What are the lines from the top of the entries through the one with "Pistola a spruzzo"? Write them out exactly, with no pictures.

----

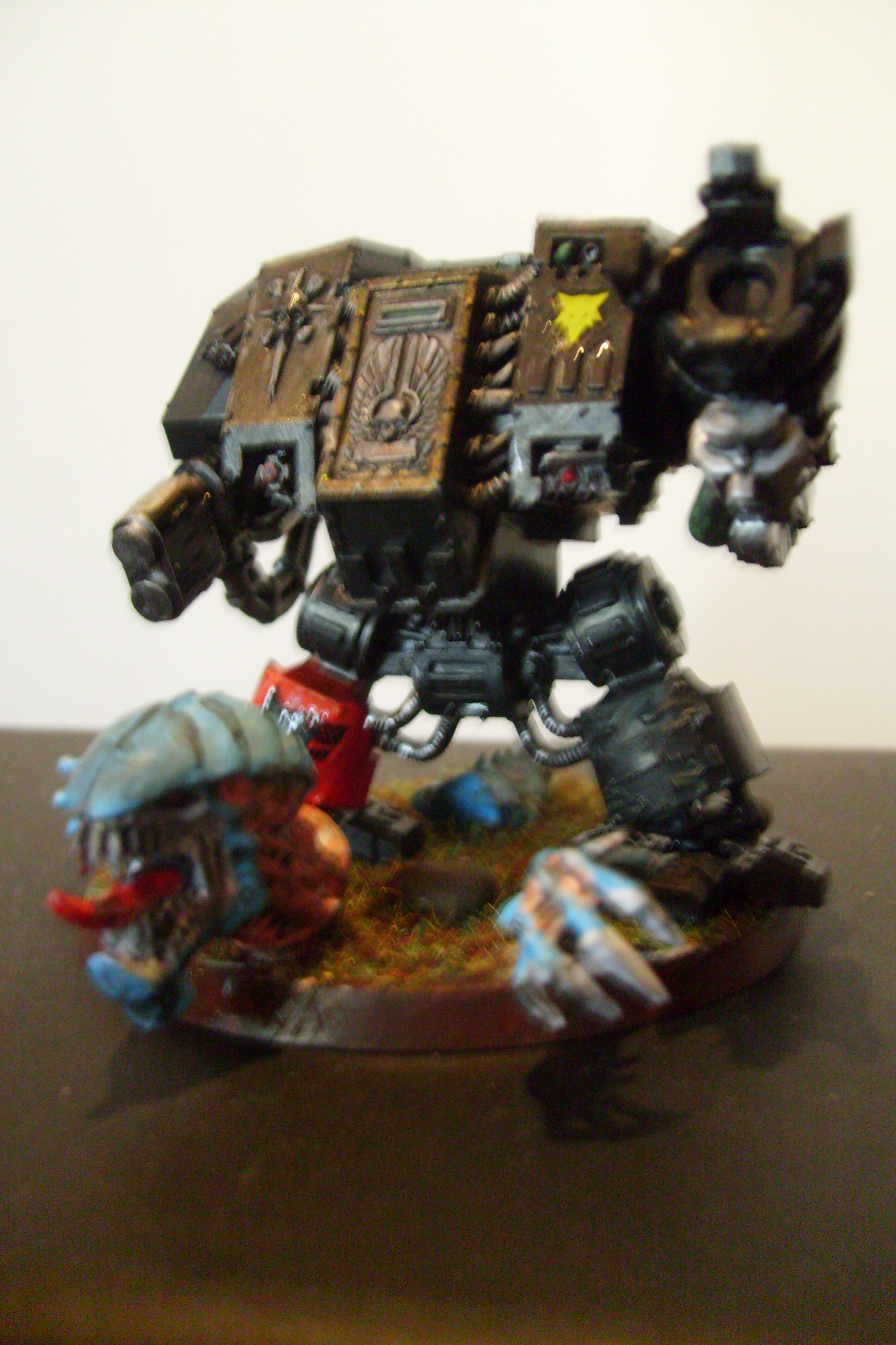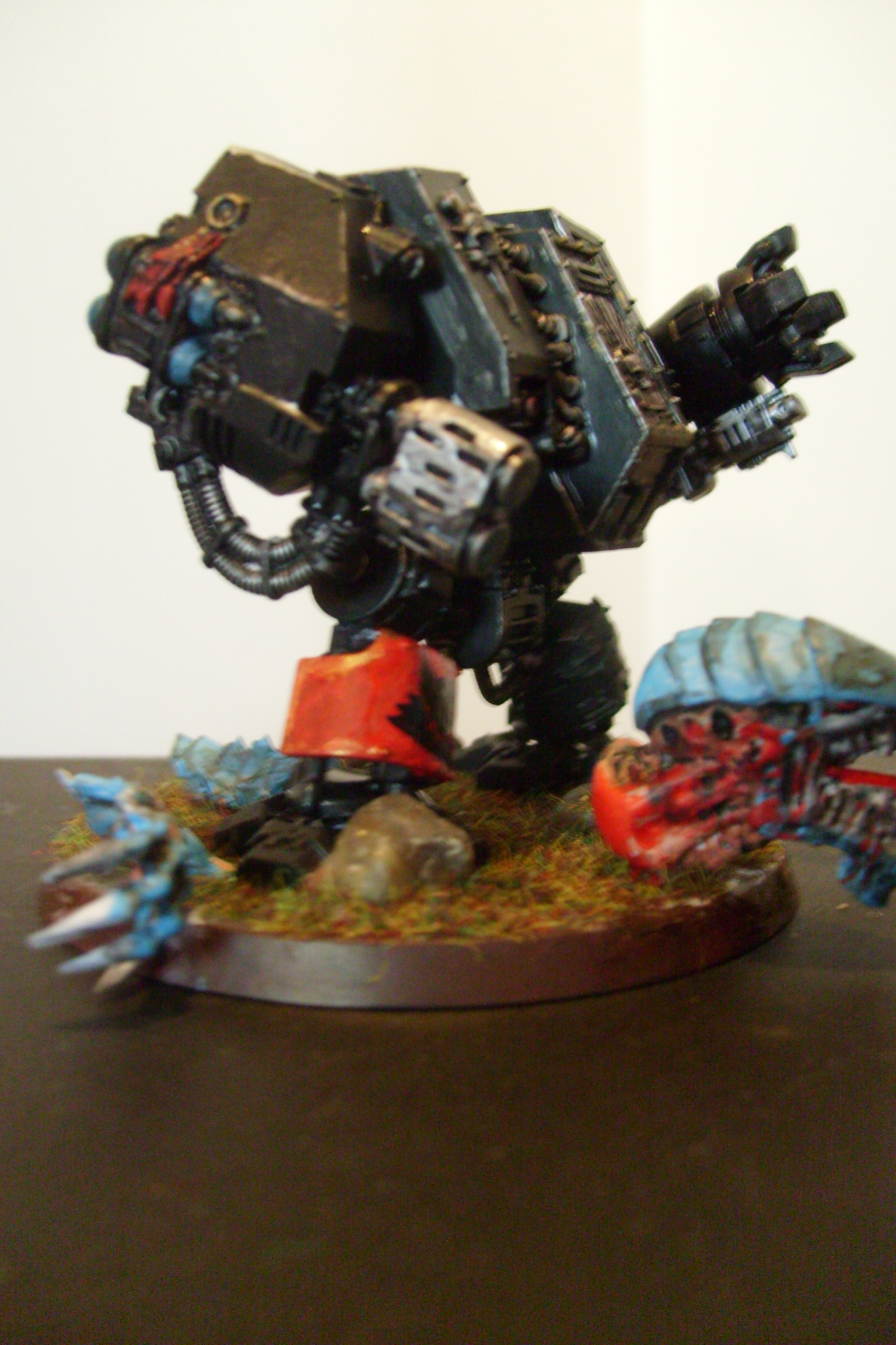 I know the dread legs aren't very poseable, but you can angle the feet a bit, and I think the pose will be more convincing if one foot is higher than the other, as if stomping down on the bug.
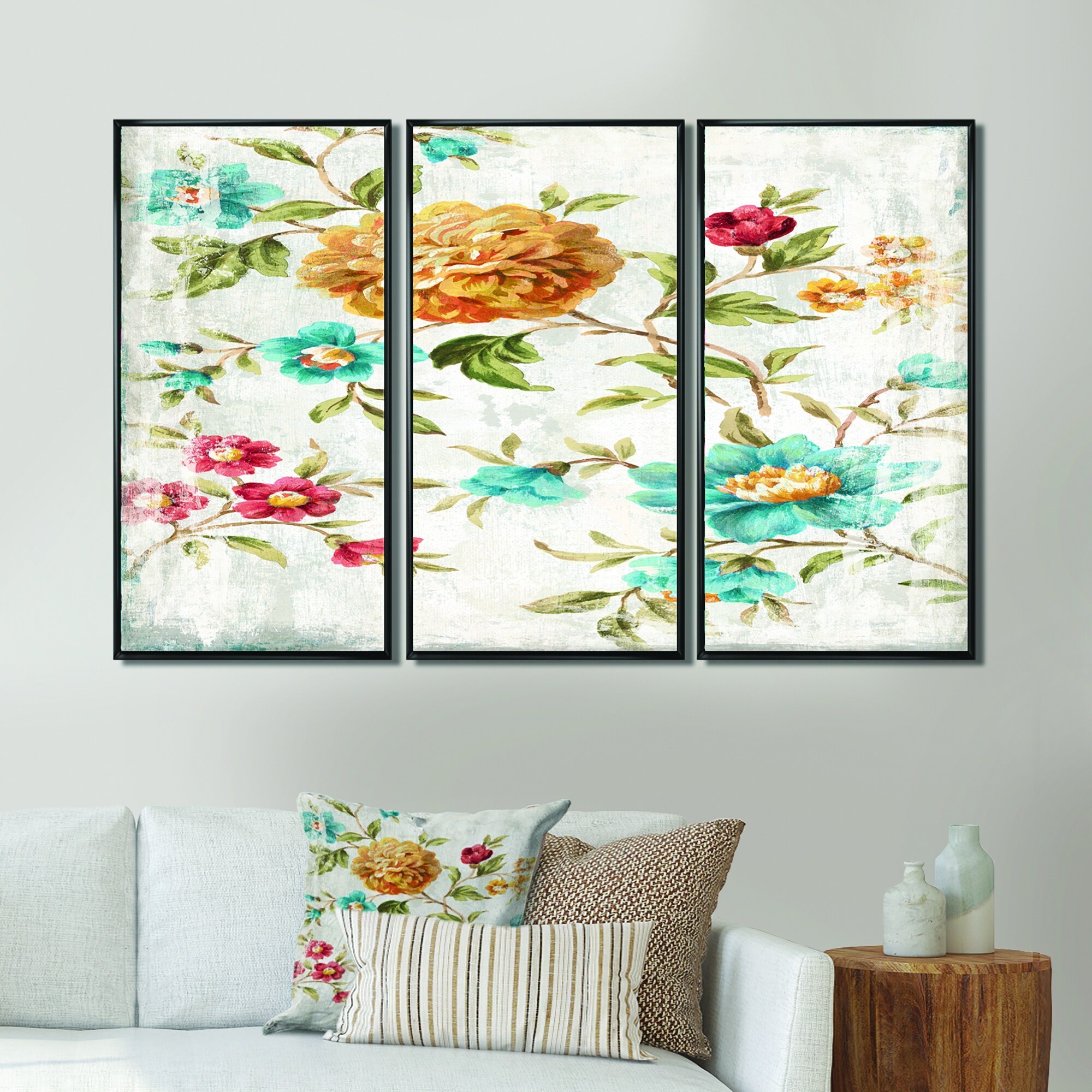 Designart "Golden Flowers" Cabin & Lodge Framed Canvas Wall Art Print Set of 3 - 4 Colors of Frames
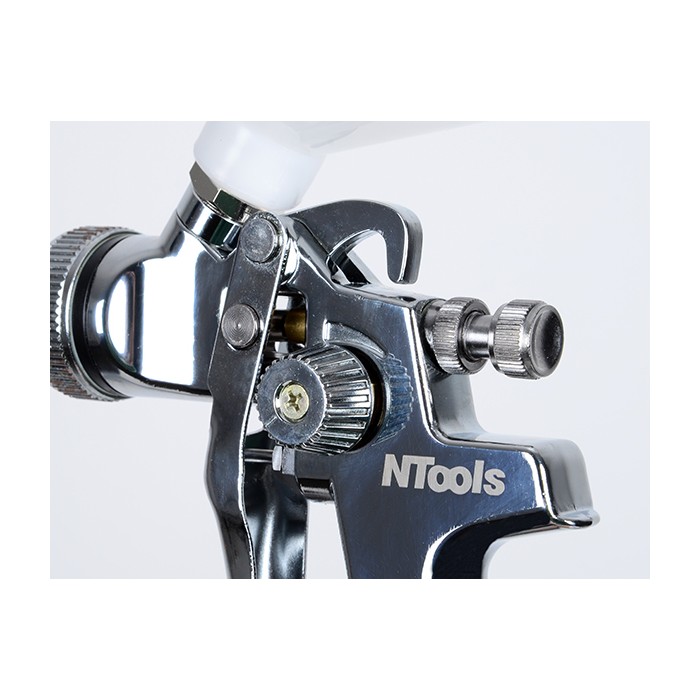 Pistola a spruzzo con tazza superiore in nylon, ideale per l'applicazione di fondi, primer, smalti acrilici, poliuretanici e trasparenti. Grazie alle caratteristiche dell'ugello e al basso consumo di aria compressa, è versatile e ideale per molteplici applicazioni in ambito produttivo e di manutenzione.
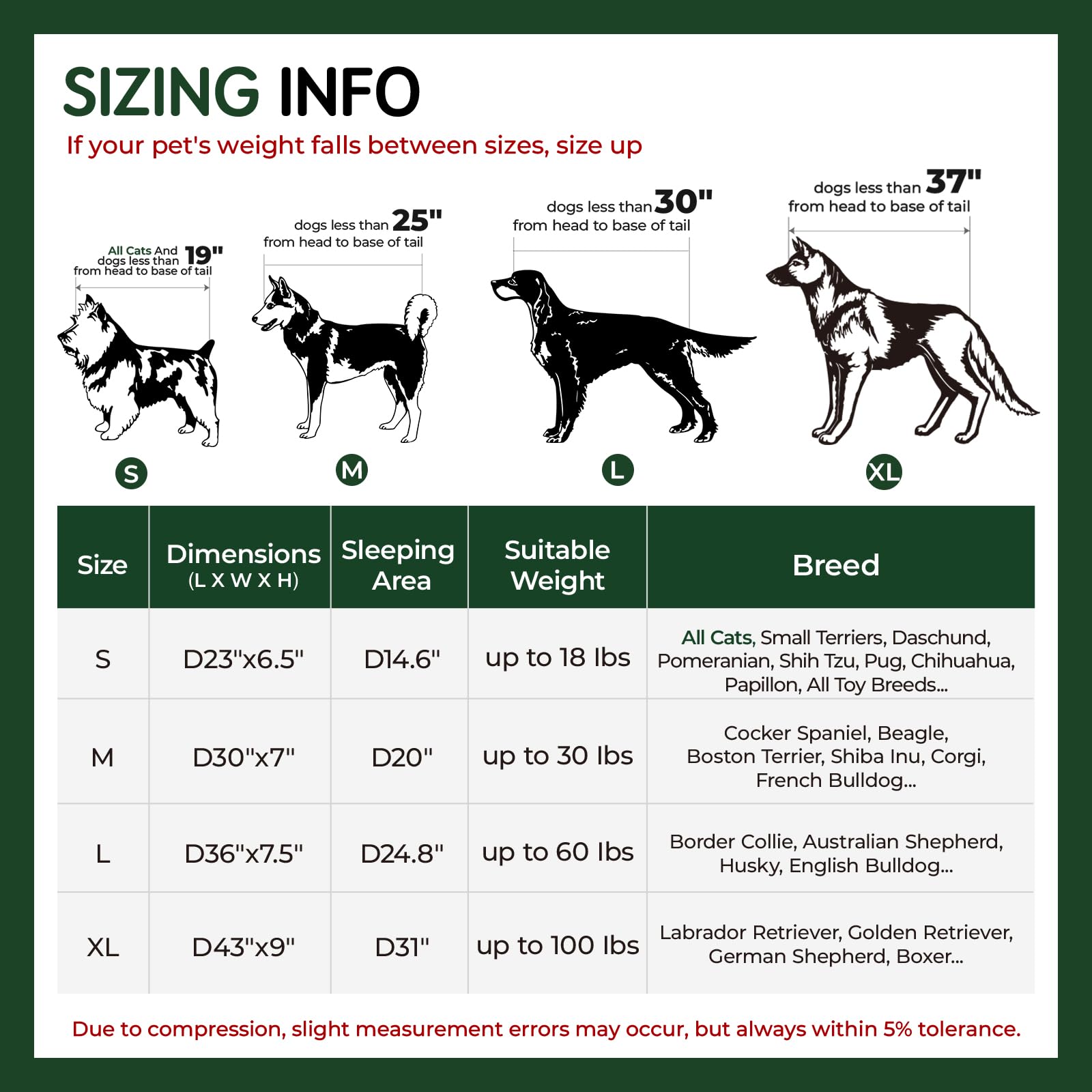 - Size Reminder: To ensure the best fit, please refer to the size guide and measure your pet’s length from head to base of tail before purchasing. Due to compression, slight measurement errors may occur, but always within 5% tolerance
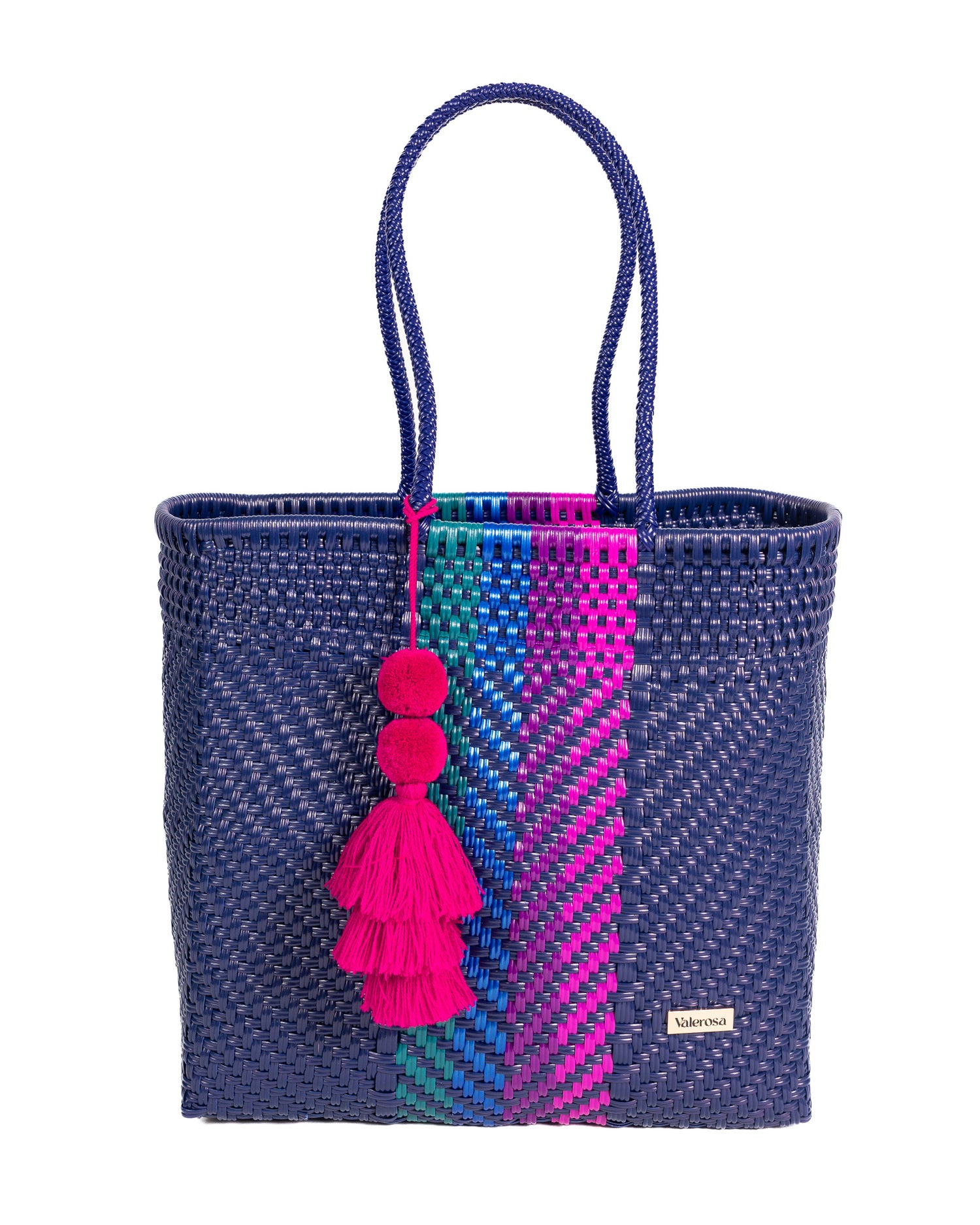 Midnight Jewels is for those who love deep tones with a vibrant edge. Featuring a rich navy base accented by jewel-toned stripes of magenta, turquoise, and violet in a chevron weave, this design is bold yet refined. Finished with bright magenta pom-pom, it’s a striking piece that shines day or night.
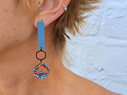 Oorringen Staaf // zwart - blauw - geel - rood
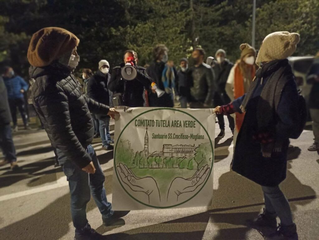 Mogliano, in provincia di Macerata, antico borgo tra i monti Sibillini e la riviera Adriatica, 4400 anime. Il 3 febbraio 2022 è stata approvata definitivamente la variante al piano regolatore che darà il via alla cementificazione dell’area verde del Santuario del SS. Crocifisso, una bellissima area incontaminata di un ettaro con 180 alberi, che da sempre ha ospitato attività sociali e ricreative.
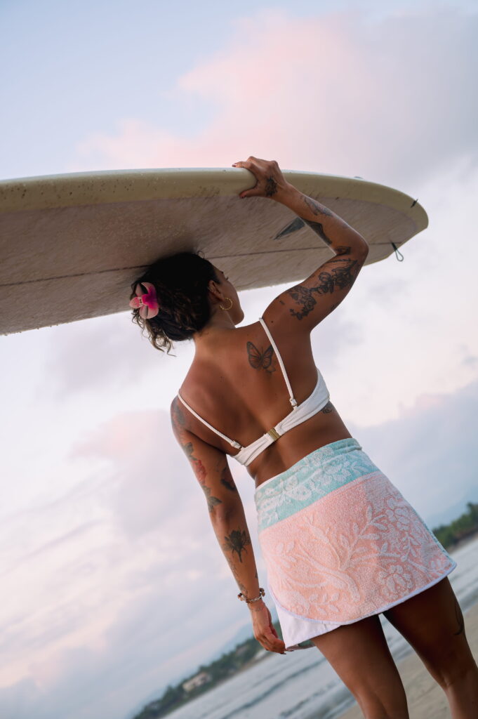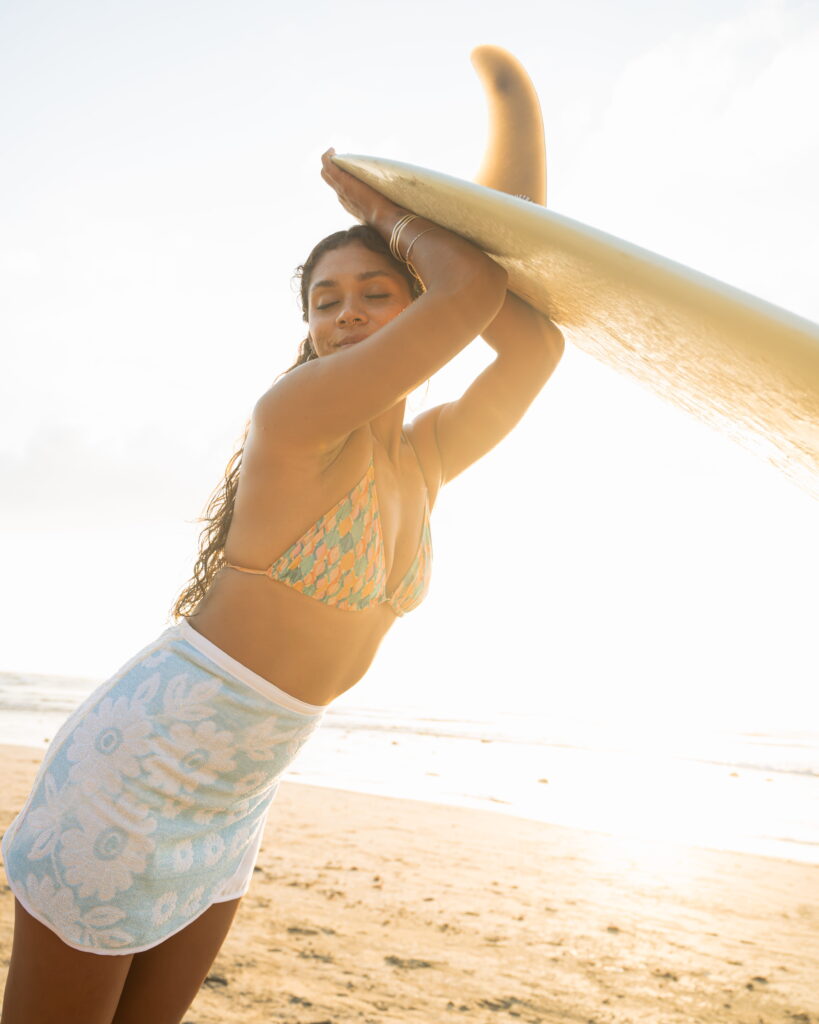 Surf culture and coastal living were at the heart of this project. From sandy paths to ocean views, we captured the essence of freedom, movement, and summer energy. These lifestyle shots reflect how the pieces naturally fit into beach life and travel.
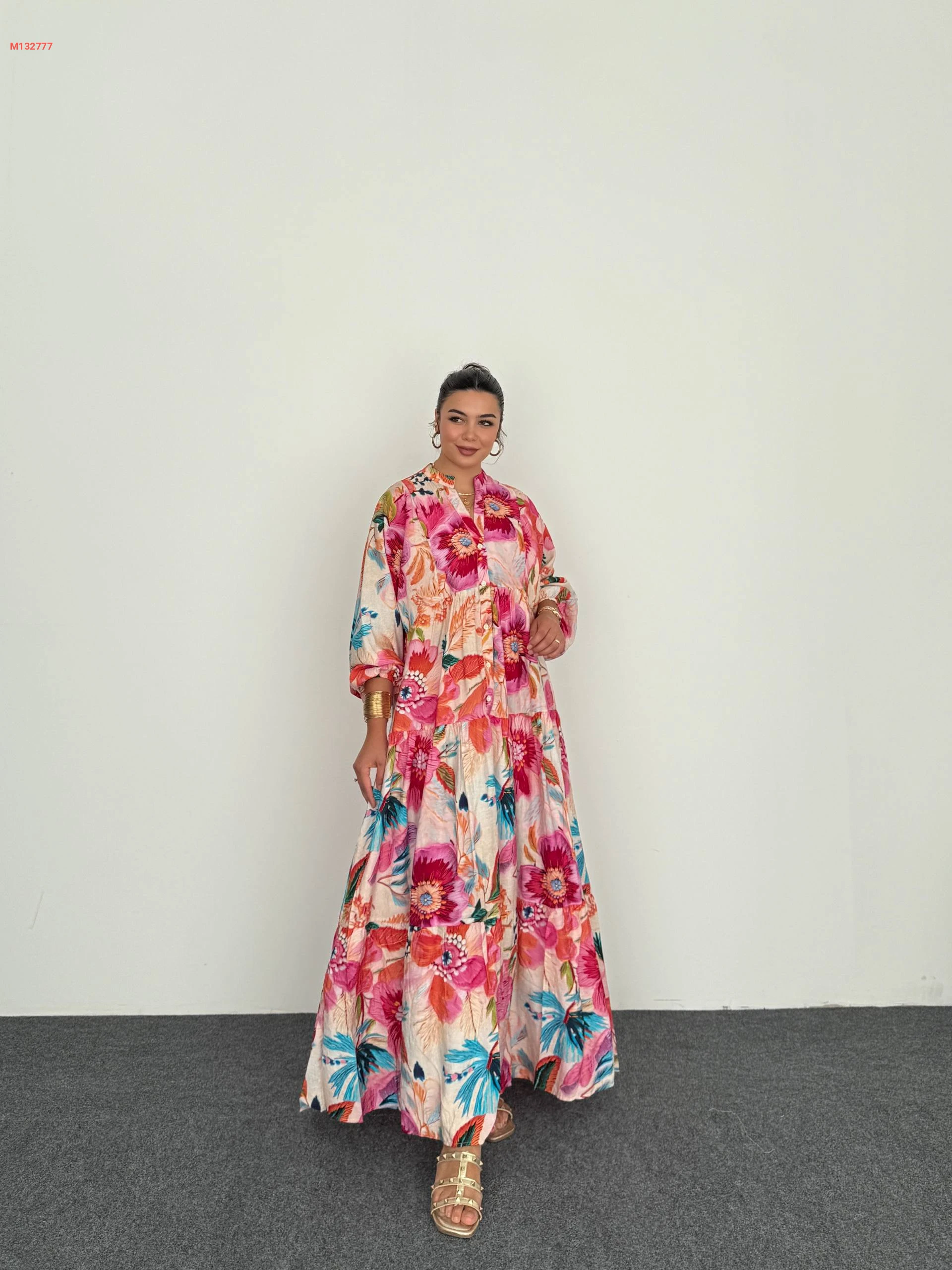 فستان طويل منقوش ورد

----

* SOLUTION *
 I know the dread legs aren't very poseable, but you can angle the feet a bit, and I think the pose will be more convincing if one foot is higher than the other, as if stomping down on the bug.
 Designart "Golden Flowers" Cabin & Lodge Framed Canvas Wall Art Print Set of 3 - 4 Colors of Frames
 Pistola a spruzzo con tazza superiore in nylon, ideale per l'applicazione di fondi, primer, smalti acrilici, poliuretanici e trasparenti. Grazie alle caratteristiche dell'ugello e al basso consumo di aria compressa, è versatile e ideale per molteplici applicazioni in ambito produttivo e di manutenzione.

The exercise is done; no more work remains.